[ovs-dev] [PATCH RFC v2] netdev-dpdk: Allow specification of index for PCI devices

Kevin Traynor ktraynor at redhat.com
Fri Oct 20 09:01:43 UTC 2017


On 10/19/2017 07:27 PM, Loftus, Ciara wrote:
>>
>> On 10/17/2017 11:48 AM, Ciara Loftus wrote:
>>> Some NICs have only one PCI address associated with multiple ports. This
>>> patch extends the dpdk-devargs option's format to cater for such
>>> devices. Whereas before only one of N ports associated with one PCI
>>> address could be added, now N can.
>>>
>>> This patch allows for the following use of the dpdk-devargs option:
>>>
>>> ovs-vsctl set Interface myport options:dpdk-devargs=0000:06:00.0,X
>>>
>>> Where X is an unsigned integer representing one of multiple ports
>>> associated with the PCI address provided.
>>>
>>> This patch has not been tested.
>>>
>>> Signed-off-by: Ciara Loftus <ciara.loftus at intel.com>
>>> ---
>>> v2:
>>> * Simplify function to find port ID of indexed device
>>> * Hotplug compatibility
>>> * Detach compatibility
>>> * Documentation
>>> * Use strtol instead of atoi
>>>
>>>  Documentation/howto/dpdk.rst         |  9 +++++
>>>  Documentation/intro/install/dpdk.rst |  9 +++++
>>>  NEWS                                 |  2 ++
>>>  lib/netdev-dpdk.c                    | 67 ++++++++++++++++++++++++++++++---
>> ---
>>>  vswitchd/vswitch.xml                 | 11 ++++--
>>>  5 files changed, 85 insertions(+), 13 deletions(-)
>>>
>>> diff --git a/Documentation/howto/dpdk.rst
>> b/Documentation/howto/dpdk.rst
>>> index d123819..9447b71 100644
>>> --- a/Documentation/howto/dpdk.rst
>>> +++ b/Documentation/howto/dpdk.rst
>>> @@ -48,6 +48,15 @@ number of dpdk devices found in the log file::
>>>      $ ovs-vsctl add-port br0 dpdk-p1 -- set Interface dpdk-p1 type=dpdk \
>>>          options:dpdk-devargs=0000:01:00.1
>>>
>>> +If your PCI device has multiple ports under the same PCI ID, you can use
>> the
>>> +following notation to indicate the specific device you wish to add::
>>> +
>>> +    $ ovs-vsctl add-port br0 dpdk-p0 -- set Interface dpdk-p0 type=dpdk \
>>> +        options:dpdk-devargs=0000:01:00.0,0
>>> +
>>> +The above would attempt to use the first device (0) associated with that
>> PCI
>>> +ID. Use ,1 ,2 etc. to access the next.
>>> +
>>>  After the DPDK ports get added to switch, a polling thread continuously
>> polls
>>>  DPDK devices and consumes 100% of the core, as can be checked from
>> ``top`` and
>>>  ``ps`` commands::
>>> diff --git a/Documentation/intro/install/dpdk.rst
>> b/Documentation/intro/install/dpdk.rst
>>> index bb69ae5..d0e87f5 100644
>>> --- a/Documentation/intro/install/dpdk.rst
>>> +++ b/Documentation/intro/install/dpdk.rst
>>> @@ -271,6 +271,15 @@ ports.
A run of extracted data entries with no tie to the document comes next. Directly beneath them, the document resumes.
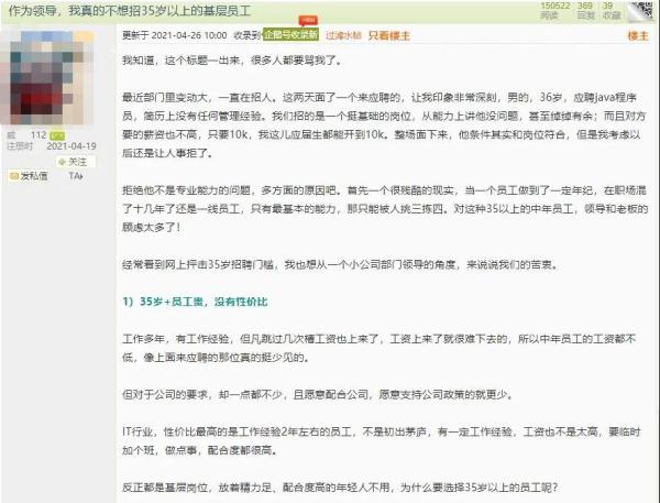 还有同为管理层的网友出来现身说法,认为员工的年龄不成问题,重要的是把手头的工作做好。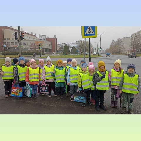 Практическое занятие-поход "К светофору в жилетках". Группа детей в специальных детских световозвращающих жилетах совершила выход к ближайшему переходу со светофором. На месте были отработаны и закреплены правила перехода проезжей части.
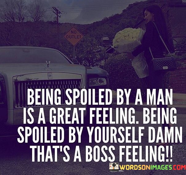 The second part shifts the focus to self-indulgence. It implies that self-spoiling indicates independence and empowerment, symbolizing a confident and capable individual.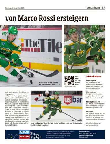 Eine besondere Gelegenheit für alle Eishockeyfans: Die NEUE versteigert ein von Marco Rossi handsigniertes Trikot zugunsten der NEUE-Patenkinder. Mitbieten ist ab sofort bis 7. Jänner möglich – wer das begehrte Stück haben möchte, sollte nicht lange warten.
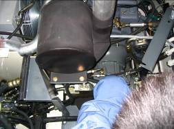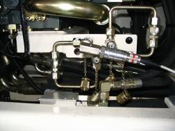 按下控制屏上“F3”鍵,和“兔子開關(guān)”按鈕,快速收回斗桿,讀出回油壓力,應為110 bar,如果不對,就調(diào)斗桿油缸上的節(jié)流閥,使之達到目的100 bar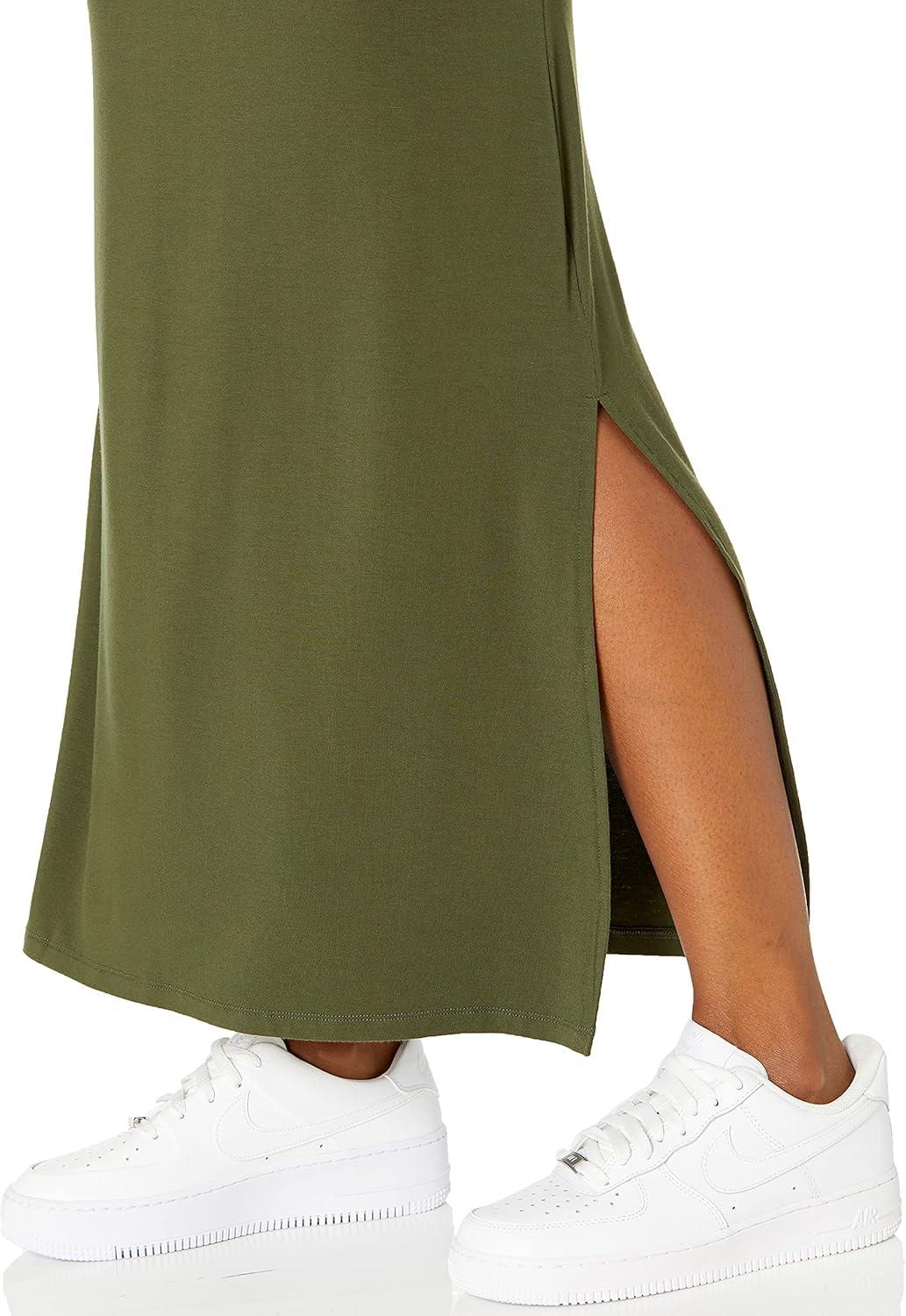Amazon Essentials Women’s Jersey Standard-Fit Short-Sleeve Crewneck Side Slit Maxi Dress (Previously Daily Ritual)(Forest Green)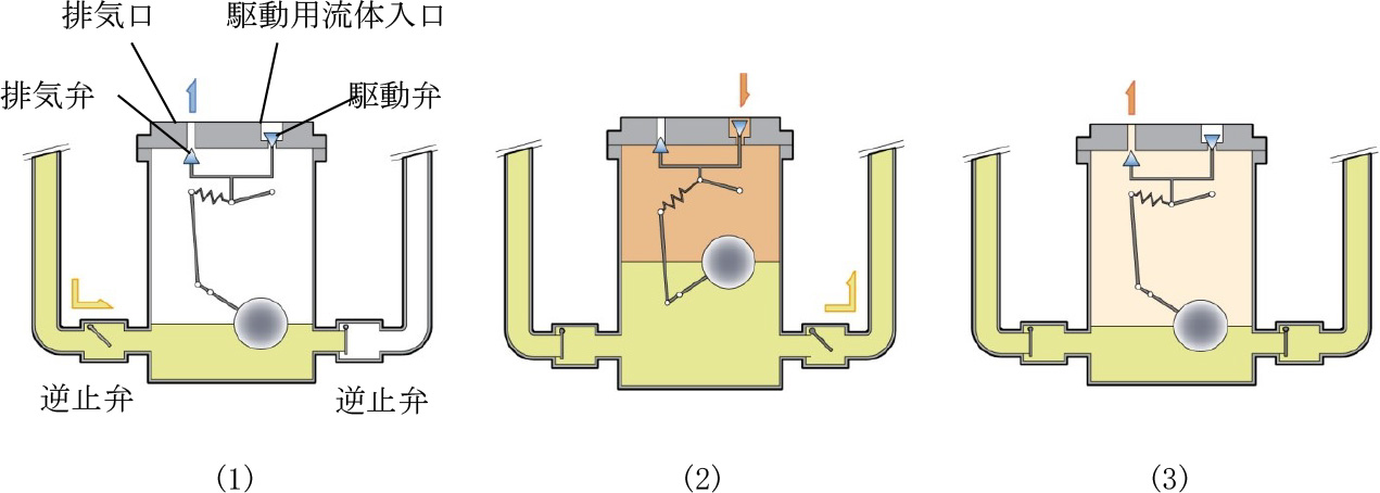 (3) 復水が押し出されて本体内の水位が下がり、フロートが所定の位置まで下 降すると、再び切換機構が働いて駆動弁が閉じ、排気弁が開きます。駆動用 流体が排気弁から排気されるに伴い本体内の圧力も低下します「均圧工程」。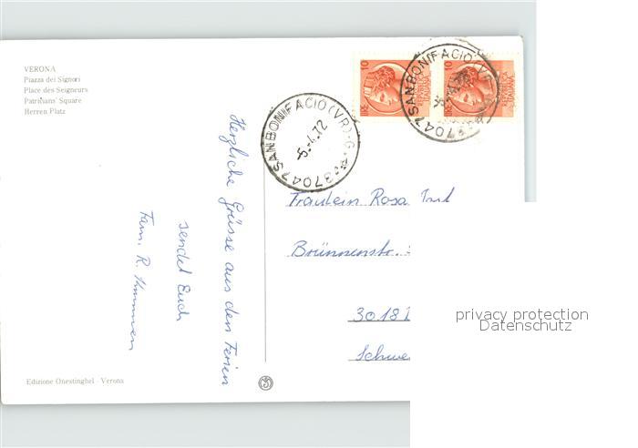 old postcard Verona Veneto Herren Platz postalisch gelaufen Erhaltung siehe scans
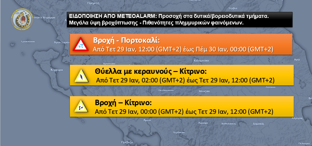 Υπάρχει πορτοκαλί και κίτρινο προειδοποίηση για κακοκαιρία από το meteoalarm, σε ισχύ από Τέταρτη (29/01) το μεσημέρι έως τα μεσάνυχτα.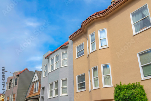 Fototapeta premium Row of townhouses and single-family home in a low angle view in San...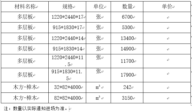质量要求:方木(规格:32mm*82mm*4000mm;82mm*82mm*4000mm);多层板(规格:1220mm*2440mm*18mm或15mm或12mm)周转3次以上。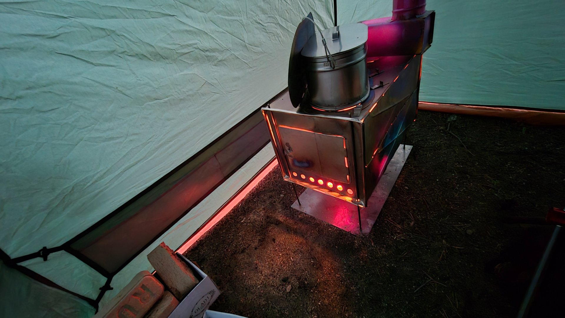 Я боялся что из за теплоотдачи титана мощность печи сильно упадёт, и она не прогреет палатку. Мои опасения были напрасны. Топка в 2 раза стала больше, больше чем у печки Жига, и думаю не меньше чем у печи Гравицапа. На 3х руф брикетах хватает попариться в несколько заходов.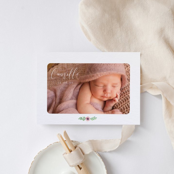 Carte de remerciements simple en recto-verso, à personnaliser d'un côté avec votre photo et de l'autre avec votre texte.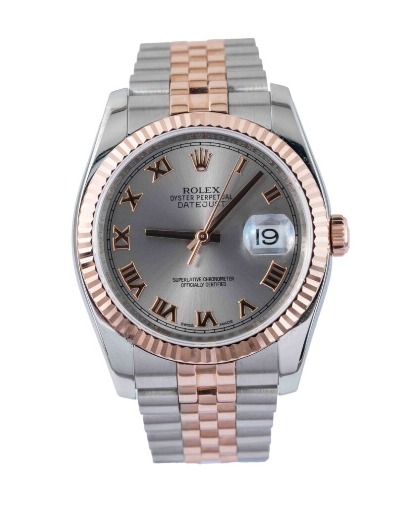 brand: Rolex Reference: 116231 Model: Datejust case MATERIAL: Steel & Rose Gold strap: Bracelet case Size (MM): 36mm Dial colour: Grey Bezel: Rose Gold Condition: Good Box papers : Paperwork/box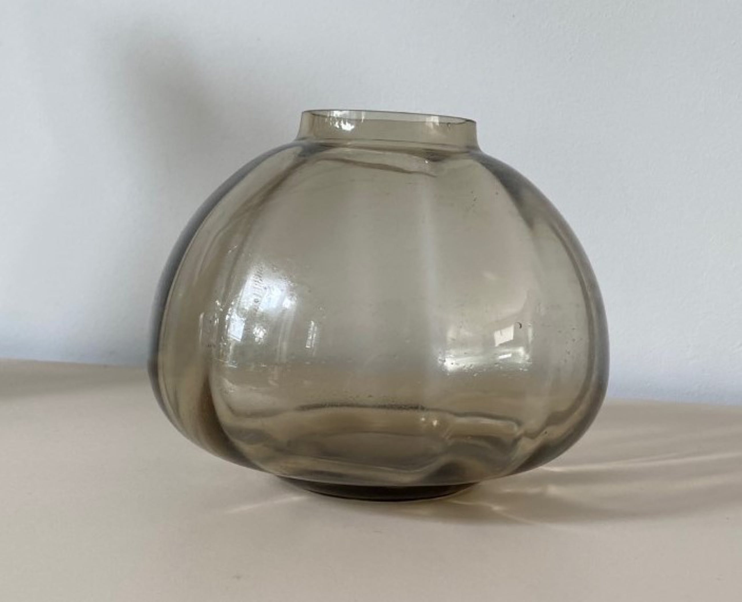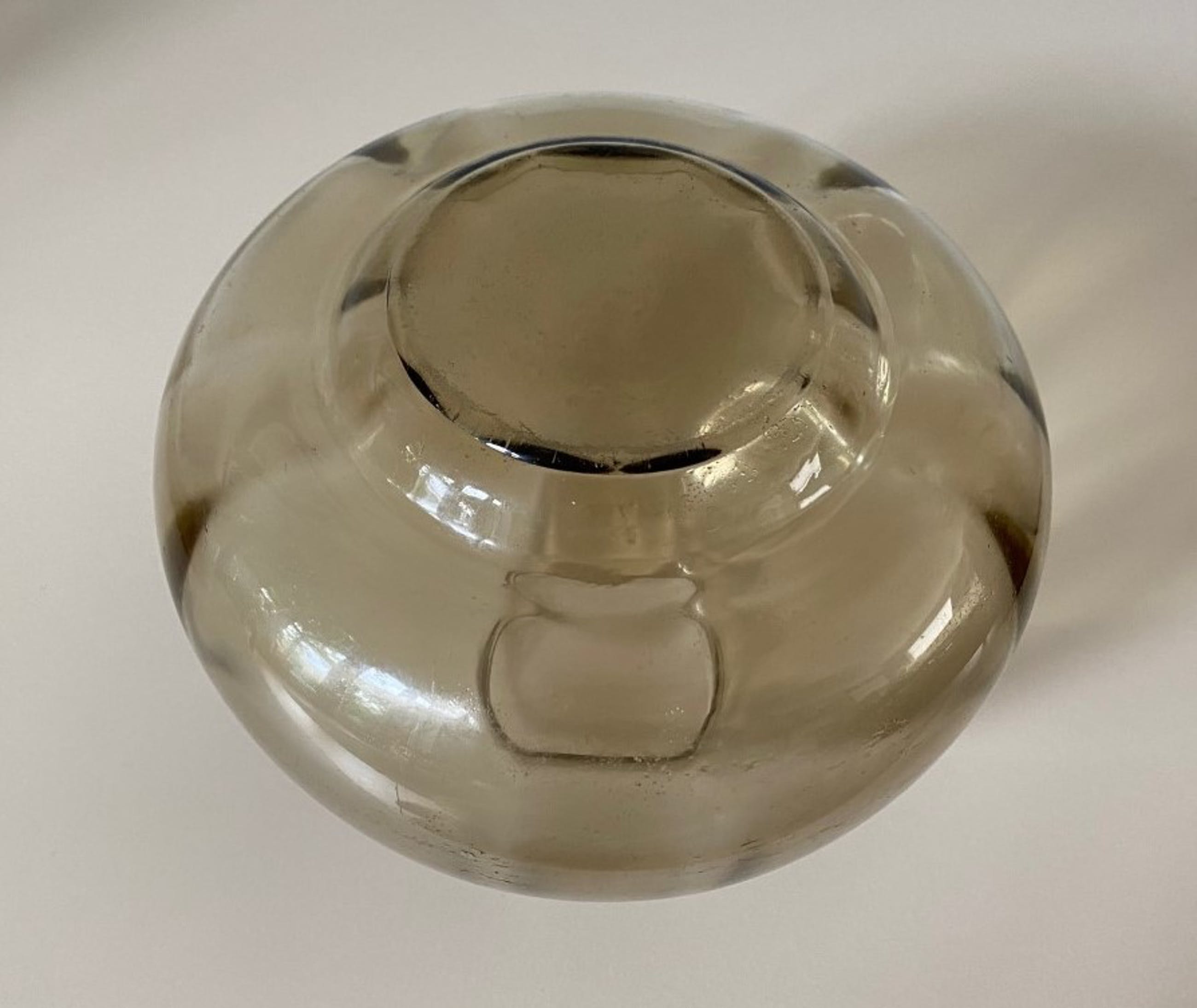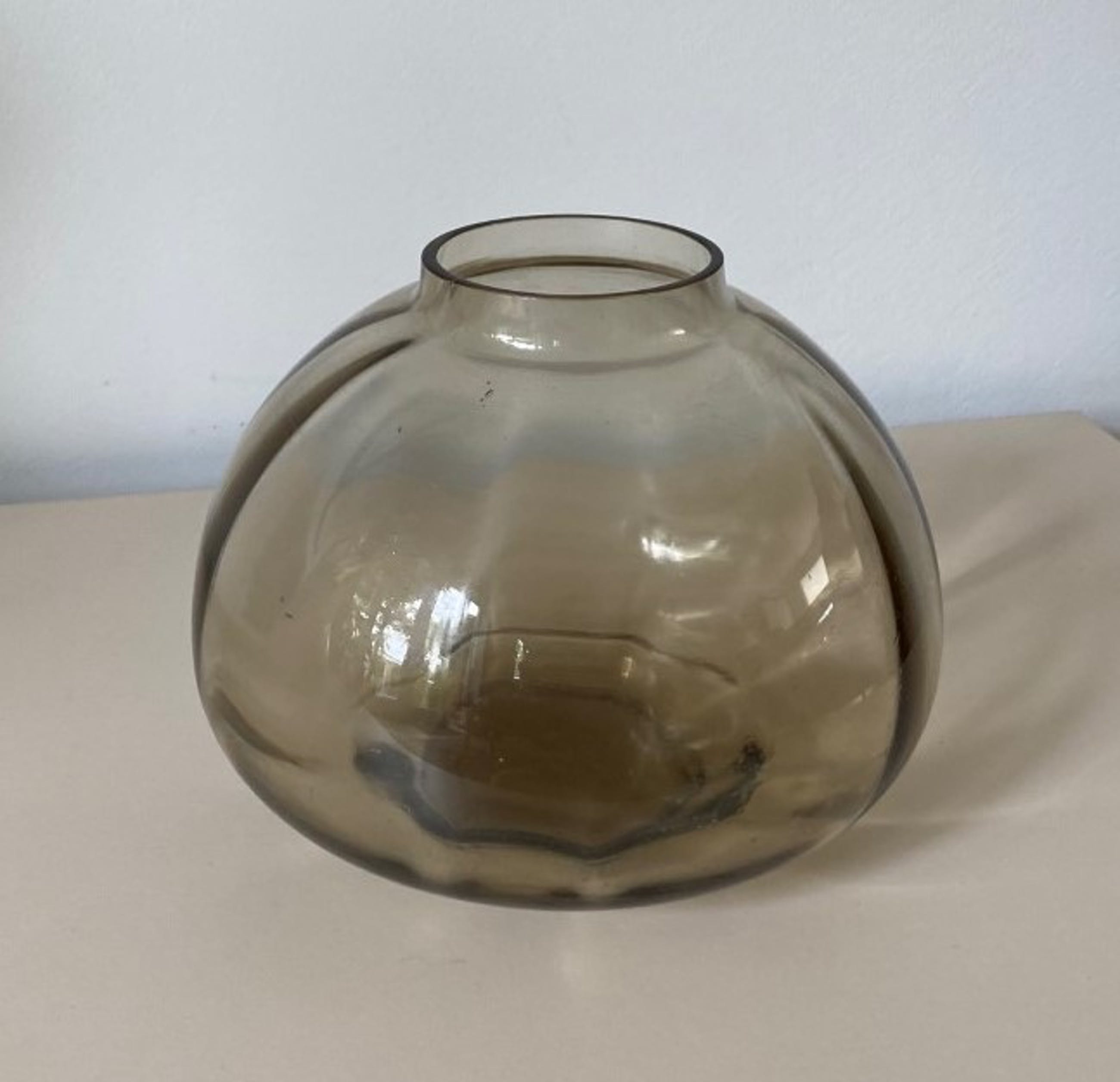 Hoogte: 13,5 cm. Ø 16 cm. Deze vaas is ontworpen door W.J. Rozendaal in 1931. Deze vaas werd in 5 maten geproduceerd. Dit is het middelste model. De laatste foto toont de modellen in een oude Kristalunie catalogus van 1931. Herkomst: Maastricht, 1931. Materiaal: rookglas (fumi).

For example, to create a userspace bridge
>> named ``br0`` and add two
>>>  DPDK devices will not be available for use until a valid dpdk-devargs is
>>>  specified.
>>>
>>> +If your PCI device has multiple ports under the same PCI ID, you can use
>> the
>>> +following notation to indicate the specific device you wish to add::
>>> +
>>> +    $ ovs-vsctl add-port br0 dpdk-p0 -- set Interface dpdk-p0 type=dpdk \
>>> +        options:dpdk-devargs=0000:01:00.0,0
>>> +
>>> +The above would attempt to use the first device (0) associated with that
>> PCI
>>> +ID. Use ,1 ,2 etc. to access the next.
>>> +
>>>  Refer to ovs-vsctl(8) and :doc:`/howto/dpdk` for more details.
>>>
>>>  Performance Tuning
>>> diff --git a/NEWS b/NEWS
>>> index 75f5fa5..ca885a6 100644
>>> --- a/NEWS
>>> +++ b/NEWS
>>> @@ -5,6 +5,8 @@ Post-v2.8.0
>>>         chassis "hostname" in addition to a chassis "name".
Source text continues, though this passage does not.